- **Exercise objective**:
Retype all entries exactly as they stand, excluding pictures.

- **Exercise material**:

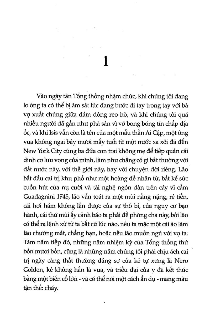 Cuộc tái hồi chủ nghĩa hiện thực đầy ngạo nghễ của Salman Rushdie được đánh dấu bằng “Nhà Golden” - một áng dụ ngôn bi tráng về nước Mỹ hiện đại. Lấy hai đầu mốc thời gian là thời điểm bắt đầu và kết thúc tám năm triều đại Obama, Nhà Golden xoay quanh số phận của bốn cha con từ vùng đất không được gọi tên đột ngột xuất hiện giữa trời New York một ngày định mệnh. Họ rũ bỏ quá khứ như rắn lột da, họ làm một phép biến hình như trong sử thi Ovid, và họ đâu ngờ chính họ là những kiến trúc sư cho cuộc sụp đổ của chính m.ình. Bằng thứ tiếng Anh khẩn trương và nóng rẫy như bầu không khí Ấn Độ quê hương, Rushdie đã đanh thép vạch mặt thiên đường tự do Mỹ trong cuộc khủng hoảng căn tính dai dẳng, trên nền bối cảnh náo động an ninh và tao loạn chính trị…
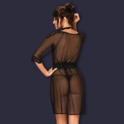 Sophisticated peignoir in black made from a combination of tulle and lace. The whole is finished with satin ribbons....
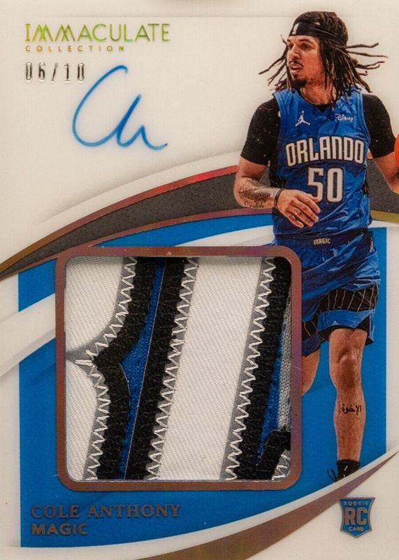 The Cole Anthony 2020 Immaculate #PPA-CAN Premium Patch Autographs - Gold (/10) Rookie card in Raw condition has not changed in price in the last 30 days and was last sold for $112.50 .
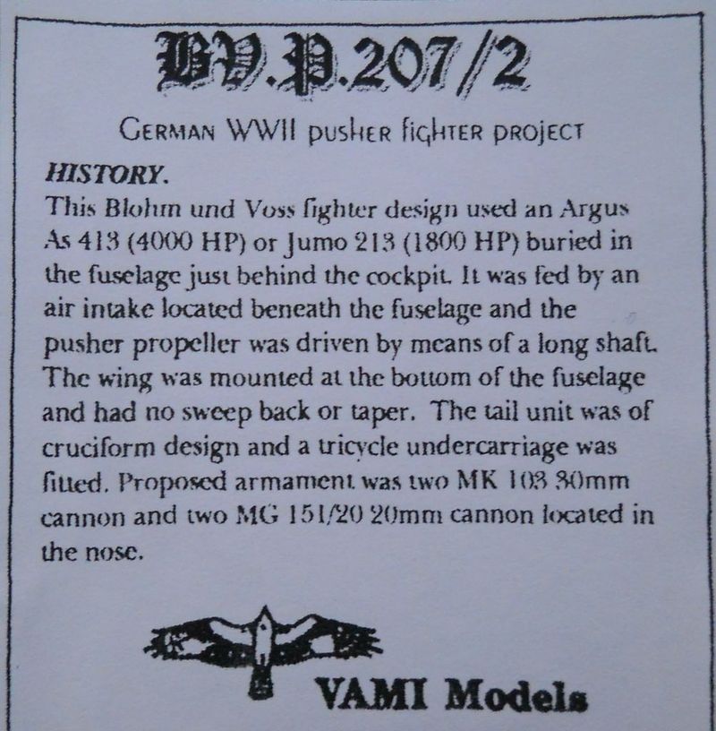Проект истребителя Blohm und Voss BV P.207.02 (июль-август 1944 г.). Информации по нему крайне мало. Тем не менее, что есть - посмотреть можно тут.
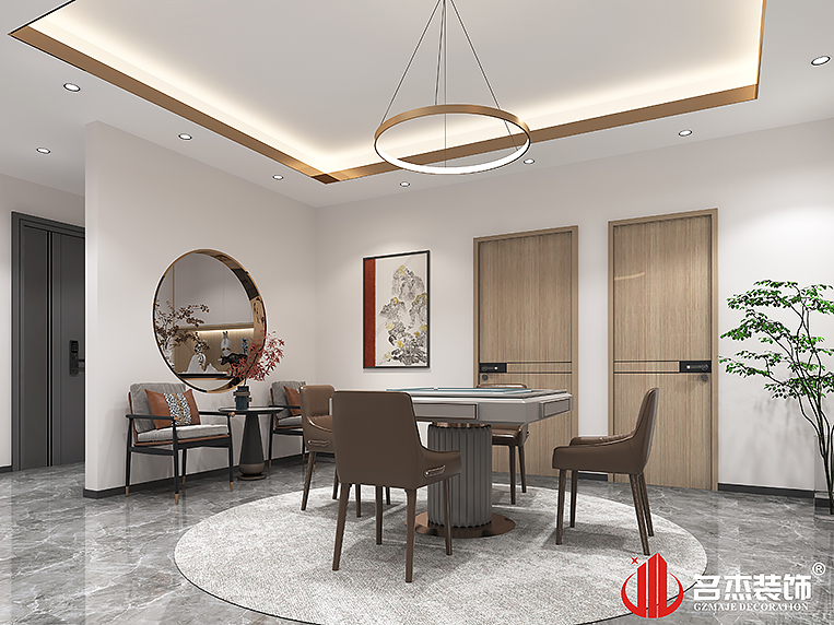 前臺區(qū)域使用有規(guī)律的線條和弧形元素進(jìn)行混搭,創(chuàng)造出一種強烈的時尚感,而這樣方式也出現(xiàn)在茶室上面,通過不規(guī)則的設(shè)計手法,輔以燈帶作為裝飾點綴,展示出該企業(yè)想要突破傳統(tǒng)的想法。同時空間設(shè)計中,對于金色的使用,也是較為大膽的,多個區(qū)域中都使用到,運用恰到好處,讓空間有種輕奢的氛圍。
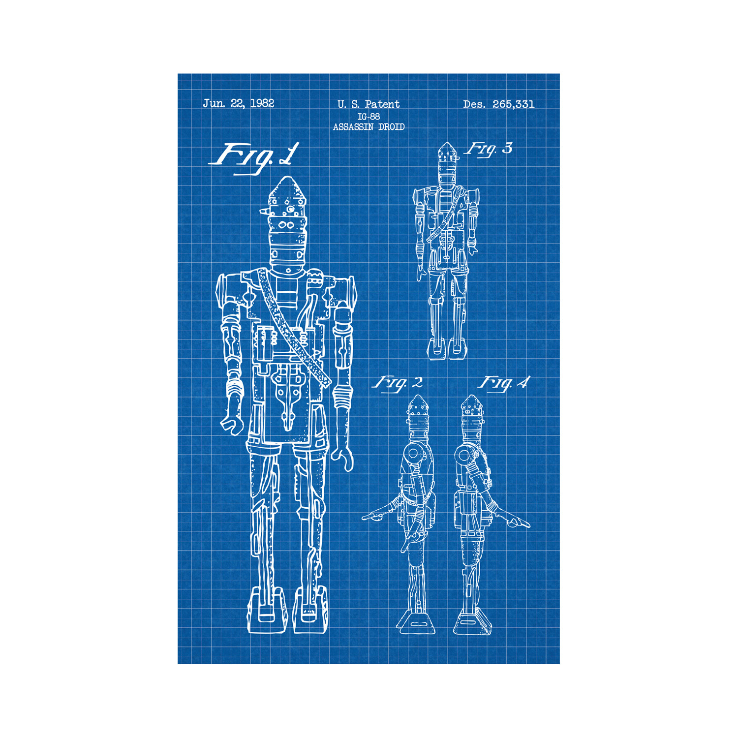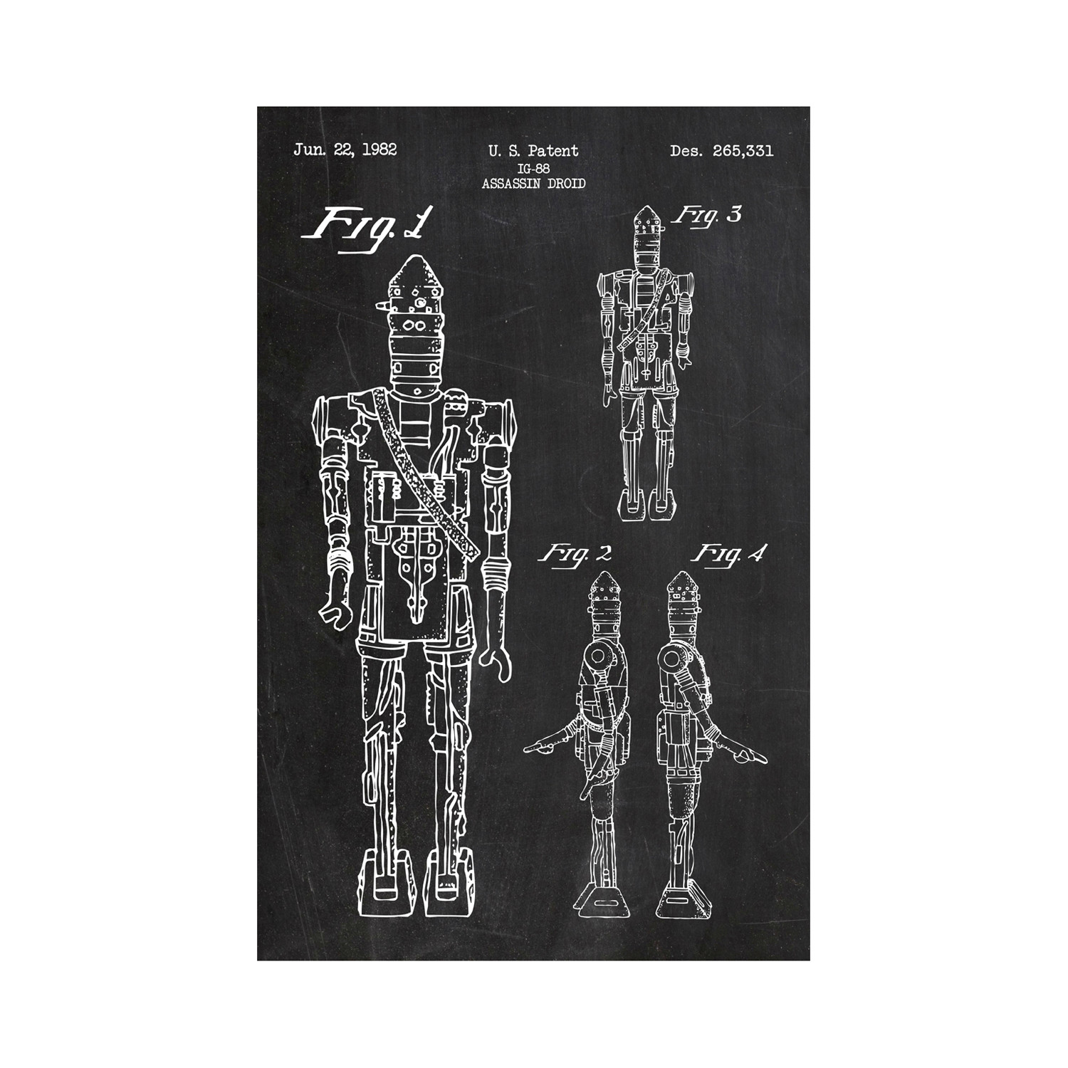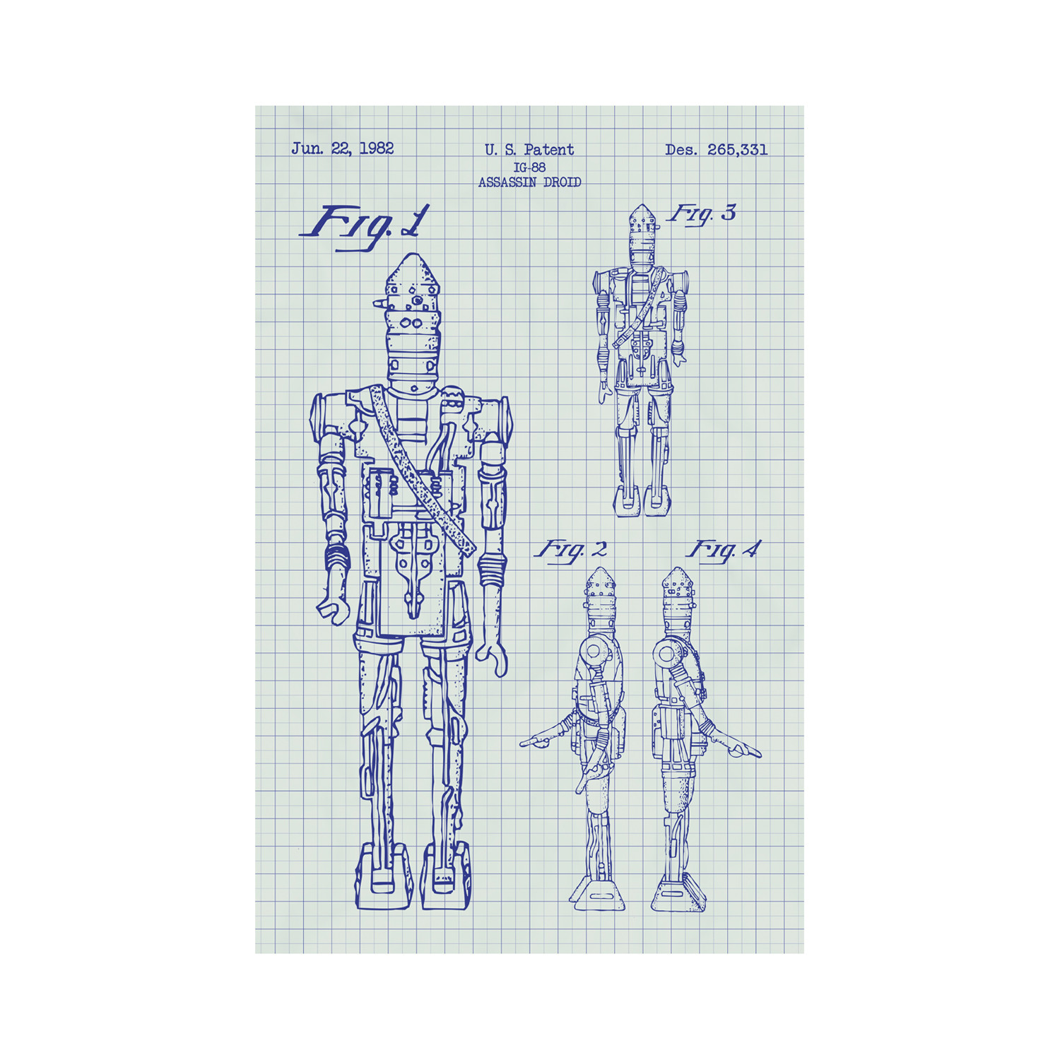 Rendered with acrylic ink on top of thick, high quality 100 lb. paper, this Star Wars patent print of an IG88 Droid has stemmed from the inspiration of the original creators! Screen printed artwork can be identified by its thick raised ink, which seems to catch the eye from every angle. By hand printing every order, Inked and Screened’s team of artists create the prominent depth of field and texture that is found on each poster

- **Solution to the exercise**:
 Cuộc tái hồi chủ nghĩa hiện thực đầy ngạo nghễ của Salman Rushdie được đánh dấu bằng “Nhà Golden” - một áng dụ ngôn bi tráng về nước Mỹ hiện đại. Lấy hai đầu mốc thời gian là thời điểm bắt đầu và kết thúc tám năm triều đại Obama, Nhà Golden xoay quanh số phận của bốn cha con từ vùng đất không được gọi tên đột ngột xuất hiện giữa trời New York một ngày định mệnh. Họ rũ bỏ quá khứ như rắn lột da, họ làm một phép biến hình như trong sử thi Ovid, và họ đâu ngờ chính họ là những kiến trúc sư cho cuộc sụp đổ của chính m.ình. Bằng thứ tiếng Anh khẩn trương và nóng rẫy như bầu không khí Ấn Độ quê hương, Rushdie đã đanh thép vạch mặt thiên đường tự do Mỹ trong cuộc khủng hoảng căn tính dai dẳng, trên nền bối cảnh náo động an ninh và tao loạn chính trị…
 Sophisticated peignoir in black made from a combination of tulle and lace. The whole is finished with satin ribbons....
 The Cole Anthony 2020 Immaculate #PPA-CAN Premium Patch Autographs - Gold (/10) Rookie card in Raw condition has not changed in price in the last 30 days and was last sold for $112.50 .
Проект истребителя Blohm und Voss BV P.207.02 (июль-август 1944 г.). Информации по нему крайне мало. Тем не менее, что есть - посмотреть можно тут.
 前臺區(qū)域使用有規(guī)律的線條和弧形元素進(jìn)行混搭,創(chuàng)造出一種強烈的時尚感,而這樣方式也出現(xiàn)在茶室上面,通過不規(guī)則的設(shè)計手法,輔以燈帶作為裝飾點綴,展示出該企業(yè)想要突破傳統(tǒng)的想法。同時空間設(shè)計中,對于金色的使用,也是較為大膽的,多個區(qū)域中都使用到,運用恰到好處,讓空間有種輕奢的氛圍。
 Rendered with acrylic ink on top of thick, high quality 100 lb. paper, this Star Wars patent print of an IG88 Droid has stemmed from the inspiration of the original creators! Screen printed artwork can be identified by its thick raised ink, which seems to catch the eye from every angle. By hand printing every order, Inked and Screened’s team of artists create the prominent depth of field and texture that is found on each poster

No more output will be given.